18:59 pmichaud NotFound:  which test in t/op/stringu.t contains a non-ascii char inside the "..." ?
18:59 allison pmichaud: test named "UTF8 as malformed ascii"
18:59 pmichaud well, yes, that's testing that it's in fact an error
18:59 barney line 197 of pdd19 ?
19:00 allison and "UTF8 literals"
19:00 NotFound "UTF8 literals" also
19:00 pmichaud UTF8 literals I agree with, although that one matches the example given on pdd19:194
19:00 allison pmichaud: it's testing that it's an error when you specify ASCII encoding, but allowed as a string literal
19:00 spinclad t/op/stringu.t:187ff
19:01 pmichaud so, what's the question again?  (I think the answer is simply that pdd19 needs clarification.)
19:01 allison remember, PDD 19 was pulled together from a pile of old documentation
19:01 NotFound So whay is the intention of the spec? They must always be escaped or not?
19:01 NotFound what
19:01 DietCoke no.
19:01 spinclad :200ff disagrees: 'no escapes'
19:02 spinclad (disagrees with pdd)
19:02 pmichaud if an encoding is given, no escaping.
19:02 barney Tests and spec seem to be in line. Question is whether the spec is correct.
19:02 pmichaud if no encoding is given, then the contents of the "..." must be 7-bit ascii
19:03 allison hang on... editing the text now
19:03 pmichaud note that unicode:  is not an encoding, so    unicode:"«"  is not valid, although   utf8:unicode:"«"   is.
19:04 DietCoke Folks, I have to run. I do hope we can agree to name our executables in some of consistent fashion. cotto_work still has a question when this question is resolved.
19:04 DietCoke See folks next week.
19:04 cotto_work bye
19:04 NotFound And the second part is: when unicode: and no encoding is specified, the default utf8 is appliable to the generated string only, or to the escapes in the content also?
19:04 allison edited result "The default encoding for a double-quoted string constant is 7-bit
19:04 allison ASCII, other character sets and encodings must be marked explicitly using a
19:05 allison charset or encoding flag."
19:05 pmichaud I think we need to also make it clear that 7-bit ascii is required when the encoding is not
19:06 allison well, it's not exactly "required"
19:06 NotFound I think 7-bit ascii is redundant.
19:06 NotFound "Ascii extended" is not ascii.
19:06 pmichaud allison:  how will the compiler know how to process the bytes in the "..." if the encoding isn't known?

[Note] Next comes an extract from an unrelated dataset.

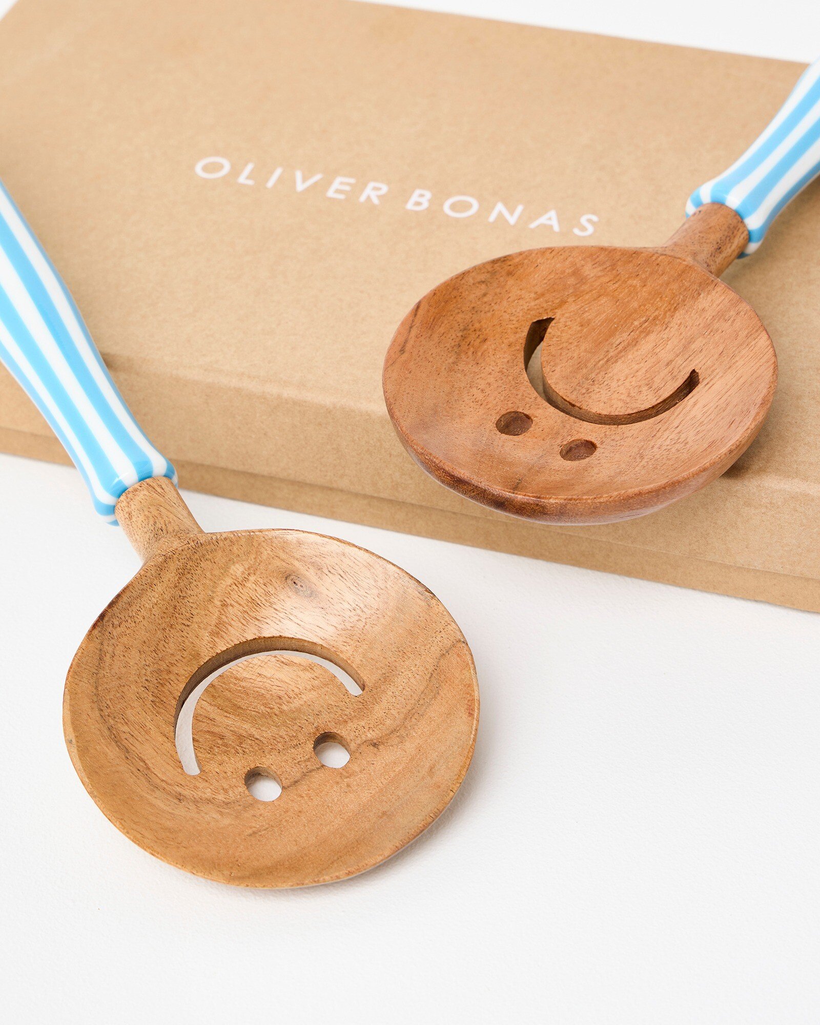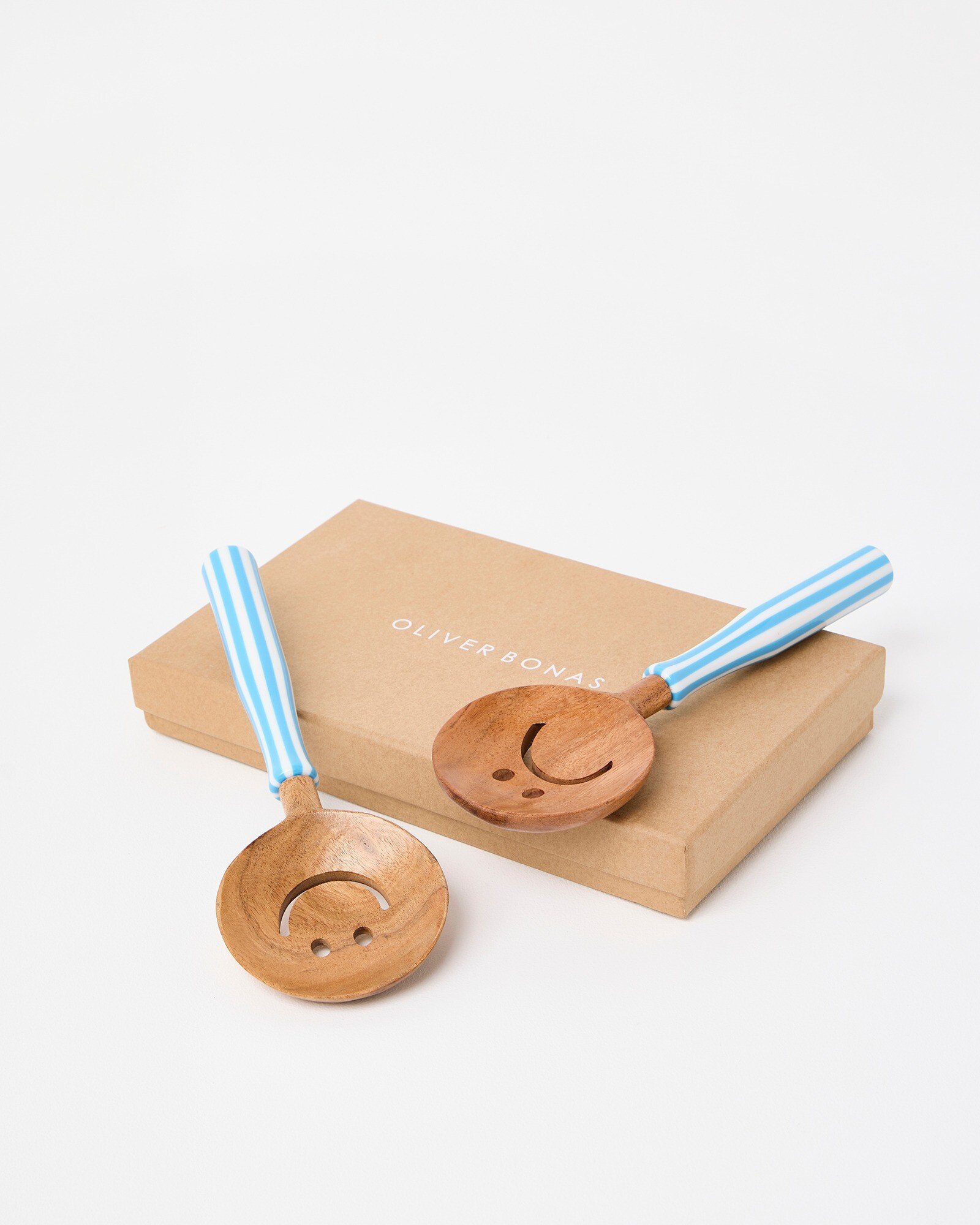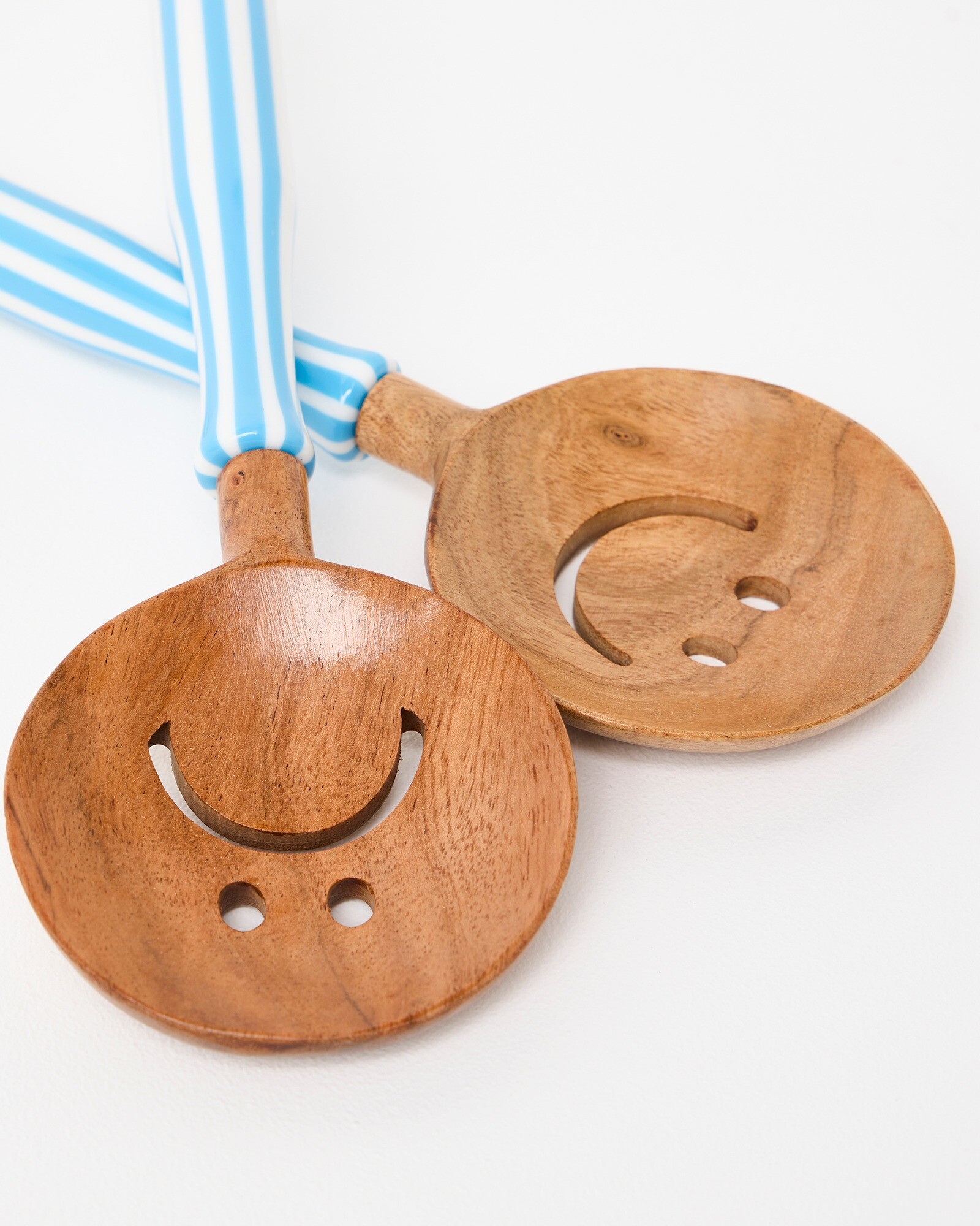 Set of two joyful salad servers made from a smooth, natural wood, with blue and white striped handles and cut out happy and sad face motif on each spoon. This set of two wooden salad servers arrives in a custom brown gift box, making an ideal housewarming, birthday or Christmas gift for friends and family members. Be sure to use for summer hosting alongside your other tableware pieces for a pop of colour.

19:07 allison it throws an exception
19:07 allison that was what the second test was checking
19:07 pmichaud argggh.  isn't "throw an exception" equivalent to "didn't meet the requirement?"
19:07 allison but, you can enter escaped characters
19:08 pmichaud ...because an encoding wasn't given?

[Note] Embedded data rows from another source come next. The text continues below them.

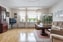 Vardagsrummet är väl tilltaget och erbjuder plats för den stora soffgruppen. Även TV-möbel eller annat möblemang inryms. Parkettgolv och ljusa tapeter.
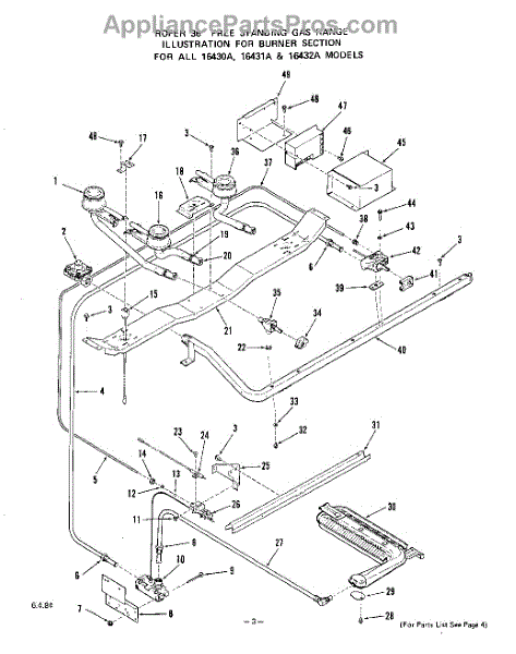 Parts for Whirlpool 1643W0A: 04 - Burner Parts
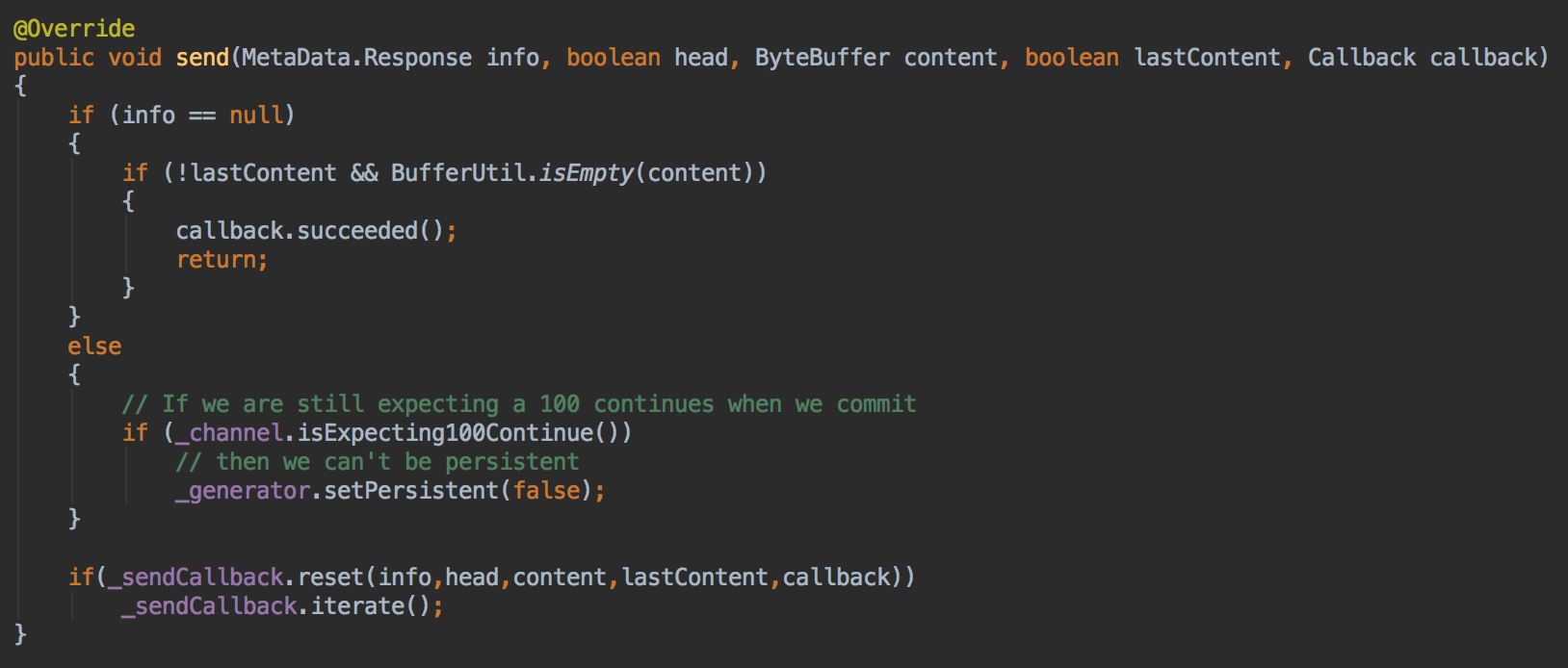这里可以看到利用了sendCallback来调用(sendCallback其实是一个IteratingCallback,这个是一个比较复杂的回调类,后续有专门的章节讲解),最终这个回调会调用到HttpConnection.SendCallback类的process方法,开始生成数据并发送,接下来我们就来分析
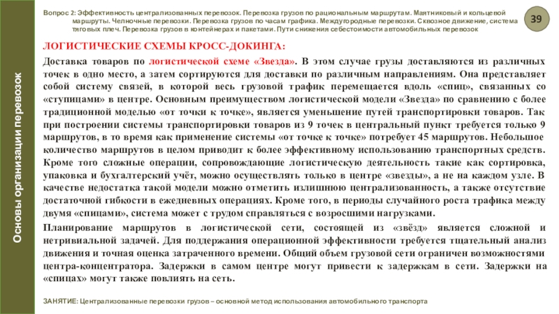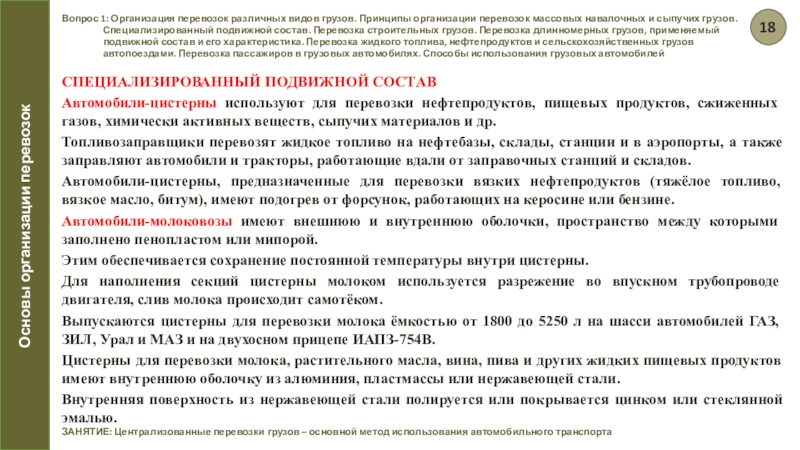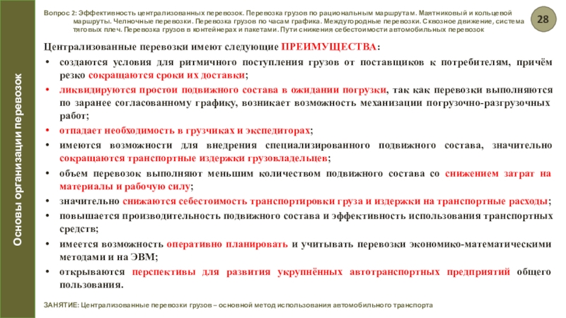 ЗАНЯТИЕ: Централизованные перевозки грузов – основной метод использования автомобильного транспорта
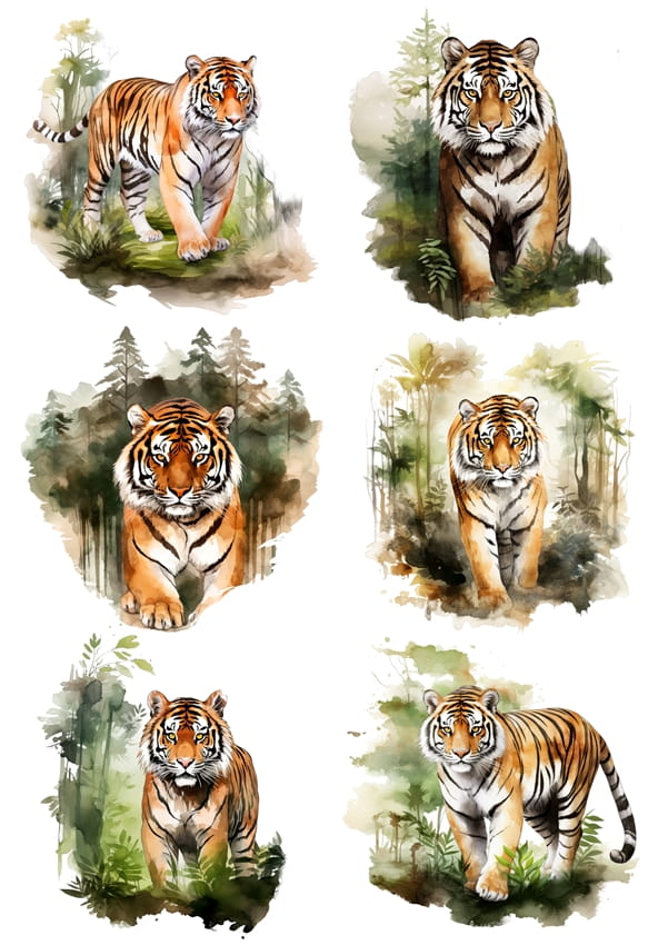 Papier ryżowy A4 Artando do decoupage - tygrysy, dzikie koty, las drzewa
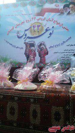 تركمن سسي - همزمان با هفته ازدواج آسان 43 زوج جوان گمیشانی در مراسمی با حضور مسوولان استانی و شهرستانی ،جشن ازدواج خود را در محوطه موزه مردم شناسی شهر گمیش تپه برگزار کردند.
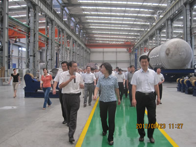 8月23日上午,三門峽市市長(zhǎng)趙海燕帶領(lǐng)黨政代表團(tuán)在開封市常務(wù)副市長(zhǎng)黃道功、開封新區(qū)黨工委書記焦躍進(jìn)的陪同下考察了開封空分新廠區(qū)項(xiàng)目建設(shè)情況及生產(chǎn)運(yùn)行情況。圖為公司副總經(jīng)理薛金河正在向代表團(tuán)介紹新廠區(qū)建設(shè)情況。

19:08 allison if you enter characters that aren't ascii, it'll treat them as ascii
19:08 allison if an encoding isn't given, it's the same as if you specified an encoding of "ascii:"
19:08 allison exactly the same
19:08 pmichaud ascii or fixed8?
19:08 allison ascii
19:09 allison (at least, that's what it was)
19:09 pmichaud so, we treat "ascii" as specifying both an encoding and a charset?
19:09 NotFound I think that not allowing any non ascii char will be a cleaner way.
19:09 NotFound Compiler can explcitly say what they intend when generating pir.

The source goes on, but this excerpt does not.